Material for this exercise:
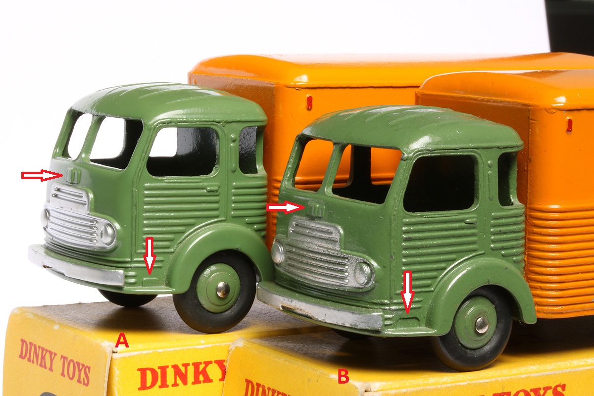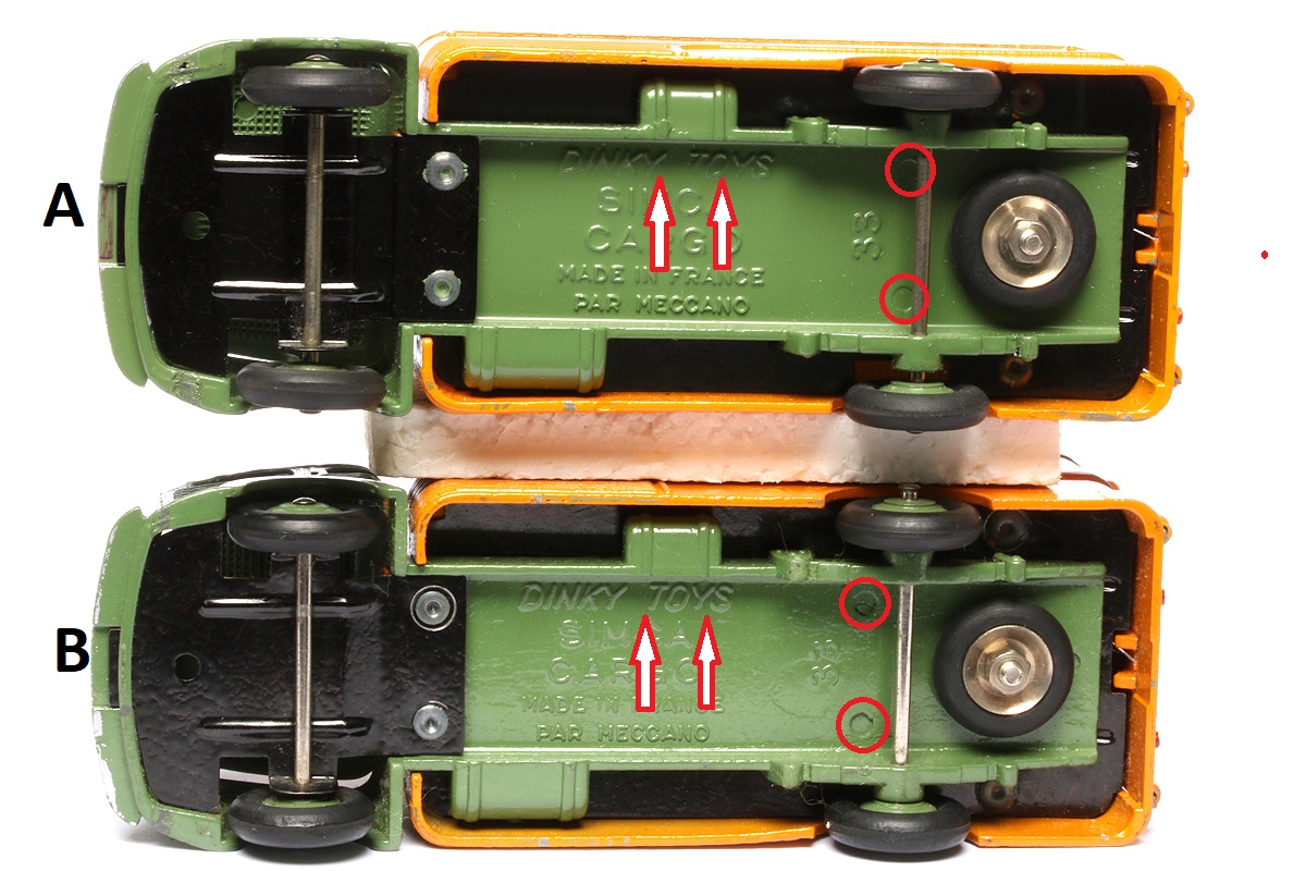 Having a couple with both A and B type cab/chassis units at my disposal now, I can indicate more clearly their differences, which are: - Size of the badge above the grille - Inverted door steps - Position of the lettering underneath (as seen in relation to the fuel tank's raised lines) - Position of the ejection marks underneath (obvious in relation to the rear axle)
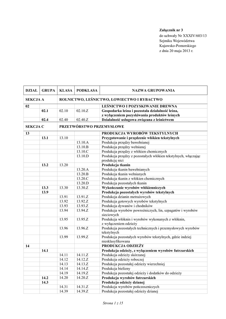 Załącznik nr 3 do uchwały Nr XXXIV/603/13 Sejmiku Województwa Kujawsko-Pomorskiego z dnia 20 maja 2013 r. DZIAŁ GRUPA SEKCJA A KLASA PODKLASA ROLNICTWO, LEŚNICTWO, ŁOWIECTWO I RYBACTWO 02 02.1 02.10 02.10.Z 02.4 02.40 02.40.Z SEKCJA C 13.10 13.10.A 13.10.B 13.10.C 13.10.D 13.2 13.3 13.9 13.20 13.30 13.20.A 13.20.B 13.20.C 13.20.D 13.30.Z 13.91 13.92 13.93 13.94 13.91.Z 13.92.Z 13.93.Z 13.94.Z 13.95 13.95.Z 13.96 13.96.Z 13.99 13.99.Z 14.11 14.12 14.13 14.14 14.19 14.20 14.11.Z 14.12.Z 14.13.Z 14.14.Z 14.19.Z 14.20.Z 14.31 14.39 14.31.Z 14.39.Z 14 14.1 14.2 14.3 LEŚNICTWO I POZYSKIWANIE DREWNA Gospodarka leśna i pozostała działalność leśna, z wyłączeniem pozyskiwania produktów leśnych Działalność usługowa związana z leśnictwem PRZETWÓRSTWO PRZEMYSŁOWE 13 13.1 NAZWA GRUPOWANIA PRODUKCJA WYROBÓW TEKSTYLNYCH Przygotowanie i przędzenie włókien tekstylnych Produkcja przędzy bawełnianej Produkcja przędzy wełnianej Produkcja przędzy z włókien chemicznych Produkcja przędzy z pozostałych włókien tekstylnych, włączając produkcję nici Produkcja tkanin Produkcja tkanin bawełnianych Produkcja tkanin wełnianych Produkcja tkanin z włókien chemicznych Produkcja pozostałych tkanin Wykończanie wyrobów włókienniczych Produkcja pozostałych wyrobów tekstylnych Produkcja dzianin metraŜowych Produkcja gotowych wyrobów tekstylnych Produkcja dywanów i chodników Produkcja wyrobów powroźniczych, lin, szpagatów i wyrobów sieciowych Produkcja włóknin i wyrobów wykonanych z włóknin, z wyłączeniem odzieŜy Produkcja pozostałych technicznych i przemysłowych wyrobów tekstylnych Produkcja pozostałych wyrobów tekstylnych, gdzie indziej niesklasyfikowana PRODUKCJA ODZIEśY Produkcja odzieŜy, z wyłączeniem wyrobów futrzarskich Produkcja odzieŜy skórzanej Produkcja odzieŜy roboczej Produkcja pozostałej odzieŜy wierzchniej Produkcja bielizny Produkcja pozostałej odzieŜy i dodatków do odzieŜy Produkcja wyrobów futrzarskich Produkcja odzieŜy dzianej Produkcja wyrobów pończoszniczych Produkcja pozostałej odzieŜy dzianej Strona 1 z 15 DZIAŁ GRUPA KLASA PODKLASA 15 15.1 15.11 15.12 15.11.Z 15.12.Z 15.2 15.20 15.20.Z 16.1 16.2 16.10 16.10.Z 16.21 16.22 16.23 16.21.Z 16.22.Z 16.23.Z 16.24 16.29 16.24.Z 16.29.Z 17.21 17.21.Z 17.22 17.22.Z 17.23 17.24 17.29 17.23.Z 17.24.Z 17.29.Z 18.2 18.11 18.12 18.13 18.14 18.20 18.11.Z 18.12.Z 18.13.Z 18.14.Z 18.20.Z 19.1 19.2 19.10 19.20 19.10.Z 19.20.Z 20.11 20.12 20.13 20.11.Z 20.12.Z 20.13.Z 20.14 20.15 20.16 20.17 20.14.Z 20.15.Z 20.16.Z 20.17.Z 16 17 17.2 18 18.1 19 20 20.1 NAZWA GRUPOWANIA PRODUKCJA SKÓR I WYROBÓW ZE SKÓR WYPRAWIONYCH Wyprawa skór, garbowanie; wyprawa i barwienie skór futerkowych; produkcja toreb bagaŜowych, toreb ręcznych i podobnych wyrobów kaletniczych; produkcja wyrobów rymarskich Wyprawa skór, garbowanie; wyprawa i barwienie skór futerkowych Produkcja toreb bagaŜowych, toreb ręcznych i podobnych wyrobów kaletniczych; produkcja wyrobów rymarskich Produkcja obuwia PRODUKCJA WYROBÓW Z DREWNA ORAZ KORKA, Z WYŁĄCZENIEM MEBLI; PRODUKCJA WYROBÓW ZE SŁOMY I MATERIAŁÓW UśYWANYCH DO WYPLATANIA Produkcja wyrobów tartacznych Produkcja wyrobów z drewna, korka, słomy i materiałów uŜywanych do wyplatania Produkcja arkuszy fornirowych i płyt wykonanych na bazie drewna Produkcja gotowych parkietów podłogowych Produkcja pozostałych wyrobów stolarskich i ciesielskich dla budownictwa Produkcja opakowań drewnianych Produkcja pozostałych wyrobów z drewna; produkcja wyrobów z korka, słomy i materiałów uŜywanych do wyplatania PRODUKCJA PAPIERU I WYROBÓW Z PAPIERU Produkcja wyrobów z papieru i tektury Produkcja papieru falistego i tektury falistej oraz opakowań z papieru i tektury Produkcja artykułów gospodarstwa domowego, toaletowych i sanitarnych Produkcja artykułów piśmiennych Produkcja tapet Produkcja pozostałych wyrobów z papieru i tektury POLIGRAFIA I REPRODUKCJA ZAPISANYCH NOŚNIKÓW INFORMACJI Drukowanie i działalność usługowa związana z poligrafią Drukowanie gazet Pozostałe drukowanie Działalność usługowa związana z przygotowywaniem do druku Introligatorstwo i podobne usługi Reprodukcja zapisanych nośników informacji WYTWARZANIE I PRZETWARZANIE KOKSU I PRODUKTÓW RAFINACJI ROPY NAFTOWEJ Wytwarzanie i przetwarzanie koksu Wytwarzanie i przetwarzanie produktów rafinacji ropy naftowej PRODUKCJA CHEMIKALIÓW I WYROBÓW CHEMICZNYCH Produkcja podstawowych chemikaliów, nawozów i związków azotowych, tworzyw sztucznych i kauczuku syntetycznego w formach podstawowych Produkcja gazów technicznych Produkcja barwników i pigmentów Produkcja pozostałych podstawowych chemikaliów nieorganicznych Produkcja pozostałych podstawowych chemikaliów organicznych Produkcja nawozów i związków azotowych Produkcja tworzyw sztucznych w formach podstawowych Produkcja kauczuku syntetycznego w formach podstawowych Strona 2 z 15 DZIAŁ GRUPA KLASA PODKLASA 20.2 20.3 20.20 20.30 20.20.Z 20.30.Z 20.41 20.42 20.41.Z 20.42.Z 20.51 20.52 20.59 20.51.Z 20.52.Z 20.59.Z 20.60 20.60.Z 22.11 22.11.Z 22.19 22.19.Z 22.21 22.21.Z 22.22 22.23 22.29 22.22.Z 22.23.Z 22.29.Z 23.11 23.12 23.13 23.14 23.19 23.20 23.11.Z 23.12.Z 23.13.Z 23.14.Z 23.19.Z 23.20.Z 23.61 23.62 23.63 23.64 23.65 23.69 23.70 23.61.Z 23.62.Z 23.63.Z 23.64.Z 23.65.Z 23.69.Z 23.70.Z 23.91 23.99 23.91.Z 23.99.Z 24.1 24.10 24.10.Z 24.2 24.20 24.20.Z 24.3 24.4 24.31 24.42 24.31.Z 24.42.A 24.42.B 24.43.Z 24.44.Z 20.4 20.5 20.6 22 22.1 22.2 23 23.1 23.2 23.6 23.7 23.9 24 24.43 24.44 NAZWA GRUPOWANIA Produkcja pestycydów i pozostałych środków agrochemicznych Produkcja farb, lakierów i podobnych powłok, farb drukarskich i mas uszczelniających Produkcja mydła i detergentów, środków myjących i czyszczących, wyrobów kosmetycznych i toaletowych Produkcja mydła i detergentów, środków myjących i czyszczących Produkcja wyrobów kosmetycznych i toaletowych Produkcja pozostałych wyrobó
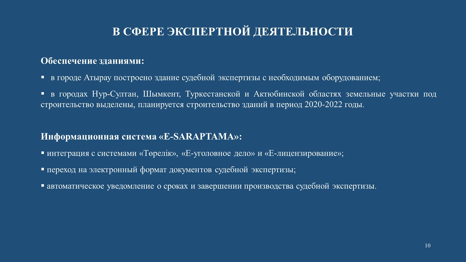Министерством разработана информационная система «Е-saraptama». Проведена работа по ее интеграции с информационными системами «Төрелік», «Е-уголовное дело» и «Е-лицензирование». Запуск в промышленную эксплуатацию планируется в текущем году.
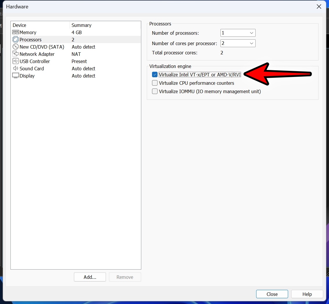 프로세서는 2개로 설정하고 Virtualize Intel VT-x/EPT or AMD-V/RVI에 체크합니다.
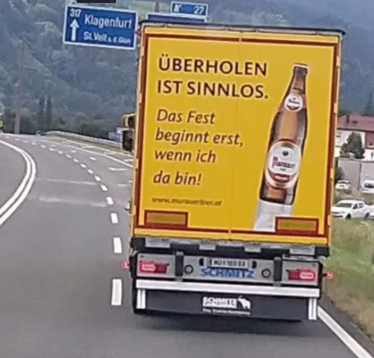 "Rudi, schau mal, da überholt uns ein Wohnwagen, der sieht genauso aus wie unser!"
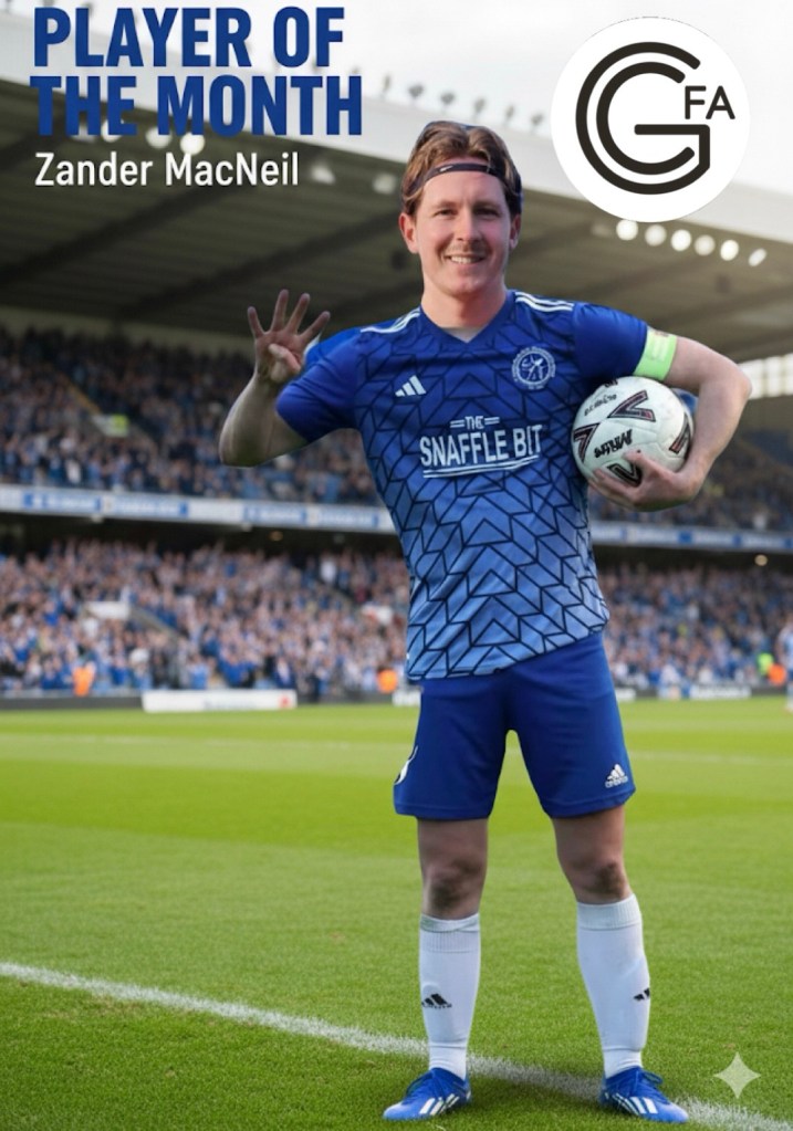 Five goals and a tremendous month of football from Andy rightly see’s him deservedly pick up the GCFA Premier League Player of the Month.
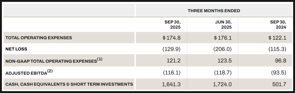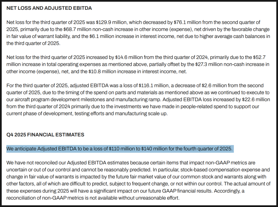 아처의 2025년 3분기 실적에서 주당 순손실은 약 0.20달러로, 전년 동기(-0.29달러)보다 개선됐습니다. 하지만 조정 EBITDA 손실(영업이익에서 세금·이자·감가상각 등을 제외한 손실) 은 약 1억 1,600만 달러로, 작년 같은 기간의 9,350만 달러보다 확대됐습니다.
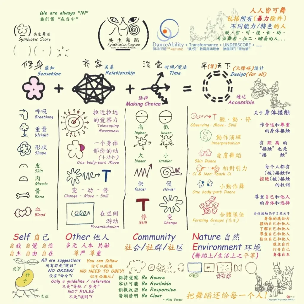 释文:我参加这次的论坛之后,在看到每一个人分享的观点,又让我深入思考了一下我理解的“残障”、“障”是什么,以及残障和我的关系。共生不错舞团的愿景非常大,是希望以残障为线索去推动人人平等。但当我和丸仔讨论在论坛上关于“健全中心主义”问题的回答时,他认为我们现在做的事情就是“去健全中心主义”的,我们这些残障的伙伴都出来让大家看到我们是存在的,这样才能真的去除所谓的“健全中心主义”,例如盖房子时都能想到不方便爬楼梯的人怎么上楼。就我自己的理解而言,我更大的一个愿景还是希望在未来真的可以达成一个人人平等的环境。共生舞就是从圆圈开始、从圆圈结束,没有一个人在前,也没有一个人在后。每个人可以相互看到的,没有一个人不被看到,无论是老师还是任何一个参与者,每个人都是分享者和共创者。我觉得这是我体验、实践共生舞这几年来一个很棒的事情,就是相互看到、彼此成就,共同创造。我一直有热情推动这个理念,也是因为我渴望这样的一个世界,虽然在我有生之年未必能完全实现。

Problem to work on:
Every line from the one containing "Five goals and" through the end of the listing is to be copied exactly; the pictures are not.

Task response:
 Five goals and a tremendous month of football from Andy rightly see’s him deservedly pick up the GCFA Premier League Player of the Month.
 아처의 2025년 3분기 실적에서 주당 순손실은 약 0.20달러로, 전년 동기(-0.29달러)보다 개선됐습니다. 하지만 조정 EBITDA 손실(영업이익에서 세금·이자·감가상각 등을 제외한 손실) 은 약 1억 1,600만 달러로, 작년 같은 기간의 9,350만 달러보다 확대됐습니다.
 释文:我参加这次的论坛之后,在看到每一个人分享的观点,又让我深入思考了一下我理解的“残障”、“障”是什么,以及残障和我的关系。共生不错舞团的愿景非常大,是希望以残障为线索去推动人人平等。但当我和丸仔讨论在论坛上关于“健全中心主义”问题的回答时,他认为我们现在做的事情就是“去健全中心主义”的,我们这些残障的伙伴都出来让大家看到我们是存在的,这样才能真的去除所谓的“健全中心主义”,例如盖房子时都能想到不方便爬楼梯的人怎么上楼。就我自己的理解而言,我更大的一个愿景还是希望在未来真的可以达成一个人人平等的环境。共生舞就是从圆圈开始、从圆圈结束,没有一个人在前,也没有一个人在后。每个人可以相互看到的,没有一个人不被看到,无论是老师还是任何一个参与者,每个人都是分享者和共创者。我觉得这是我体验、实践共生舞这几年来一个很棒的事情,就是相互看到、彼此成就,共同创造。我一直有热情推动这个理念,也是因为我渴望这样的一个世界,虽然在我有生之年未必能完全实现。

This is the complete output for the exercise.